Tags: faq ctf raw anonymize sharing

How can I anonymize or deidentify a CTF dataset?

Determining whether a dataset contains identifiers

If you have a dataset from a subject with a known name, you can search on the Linux or macOS command line whether that name occurs in any of the text or binary files.

find SubjectXX.ds -type f -exec grep -l KnownSubjectName {} \;

Using MATLAB

George O’Neill from the FIl shared the following code to scrub identifying information from a CTF dataset.

function go_anonymiseDs(input,output)
% Note// input and output filenames must include filepaths

% Add path to CTF functions
ft_hastoolbox('ctf', 1);

fprintf('Anonymising dataset ******.ds: ');

hdr = readCTFds(input);
data = getCTFdata(hdr,[],[],'fT');

hdr_anon = hdr;

% Remove identifiable information
% RES4
hdr_anon.res4.data_time=' ';
hdr_anon.res4.data_date=' ';
hdr_anon.res4.nf_run_name=' ';
hdr_anon.res4.nf_instruments=' ';
hdr_anon.res4.nf_collect_descriptor=' ';
hdr_anon.res4.nf_subject_id=' ';
hdr_anon.res4.nf_operator=' ';
hdr_anon.res4.nf_sensorFileName=' ';

% INFODS - loop through all fields which say patient/procedure/dataset
for ii = 1:length(hdr_anon.infods);
    if ~isempty(strfind(hdr.infods(ii).name,'PATIENT'))
        hdr_anon.infods(ii).data = '';
        % the sex field requires a number, just set to 2
        if ~isempty(strfind(hdr.infods(ii).name,'SEX'))
            hdr_anon.infods(ii).data = 2;
        end
    end
end
for ii = 1:length(hdr_anon.infods);
    if ~isempty(strfind(hdr.infods(ii).name,'PROCEDURE'))
        if hdr_anon.infods(ii).type == 10;
        hdr_anon.infods(ii).data = '';
        end
    end
end
for ii = 1:length(hdr_anon.infods);
    if ~isempty(strfind(hdr.infods(ii).name,'DATASET'))
        if hdr_anon.infods(ii).type == 10;
        hdr_anon.infods(ii).data = '';
        end
    end
end

% Remove dataset history too to make sure scan date is gone.
hdr_anon.hist = 'REDACTED';
hdr_anon.processing = 'REDACTED';

% Write out file with new anonymised header file
writeCTFds([output],hdr_anon,data,'fT');

fprintf('COMPLETE\n');

Using CTF command-line tools on Linux

Using the CTF command line tool “newDs” with the “-anon” option. To keep all other aspects of the dataset as it is, you should specify some option

newDs -anon -includeBadChannels -includeBadSegments -includeBad <dataset> <savePath>

Otherwise, bad channels, bad segments (in the continuous data) and bad trials (in segmented data) will be thrown away.

Make sure the savePath has an unambiguous name, so that you don’t mix up your data.

Fields that are blanked out: purpose, site, institute, operator name, run title and description, collection description. The subject ID is set to Anon-1. The collection date and time are changed to 11/11/1911, 11:11.

The CTF newDs version 5.4.0-linux-20061212 (and possibly also other versions) is known to have a bug that causes the collection date and time not to be cleared.
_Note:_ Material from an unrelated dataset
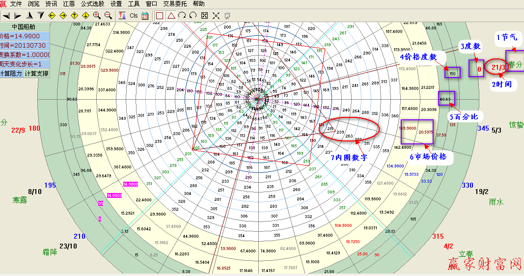 這里我們來了解下江恩輪中輪的實際構成。對照贏家江恩輪中輪工具圖,注意圖中標注數字的位置,每一圈的內容依次如下:

To remove these from your recording, you can use the remove_ctf_datetime script available here.

For example

newDs -anon -includeBadChannels -includeBadSegments -includeBad /home/common/matlab/fieldtrip/data/Subject01.ds        ./Subject01_anon.ds
newDs -anon -includeBadChannels -includeBadSegments -includeBad /home/common/matlab/fieldtrip/data/Subject01.ds/hz.ds  ./Subject01_anon.ds/hz.ds
newDs -anon -includeBadChannels -includeBadSegments -includeBad /home/common/matlab/fieldtrip/data/Subject01.ds/hz2.ds ./Subject01_anon.ds/hz2.ds

rm ~/anon/Subject01.ds/defaults.de
rm ~/anon/Subject01.ds/hz.ds/defaults.de
rm ~/anon/Subject01.ds/hz2.ds/defaults.de

See also this frequently asked question on how to anonymize an anatomical MRI.

Additional notes

It is advisable to also convert the head localizer datasets, which are inside the SubjectXX.ds and are named hz.ds, hz2.ds, etc.

After creating the anonymous dataset, you should delete the defaults.de ASCII file that might be present in the output dataset. That file contains some information that might be traced back to the original file location on disk, which may include your name or the name of the subject. You should also delete the SubjectXX.acq file, which contains a copy of some potentially identifying header information.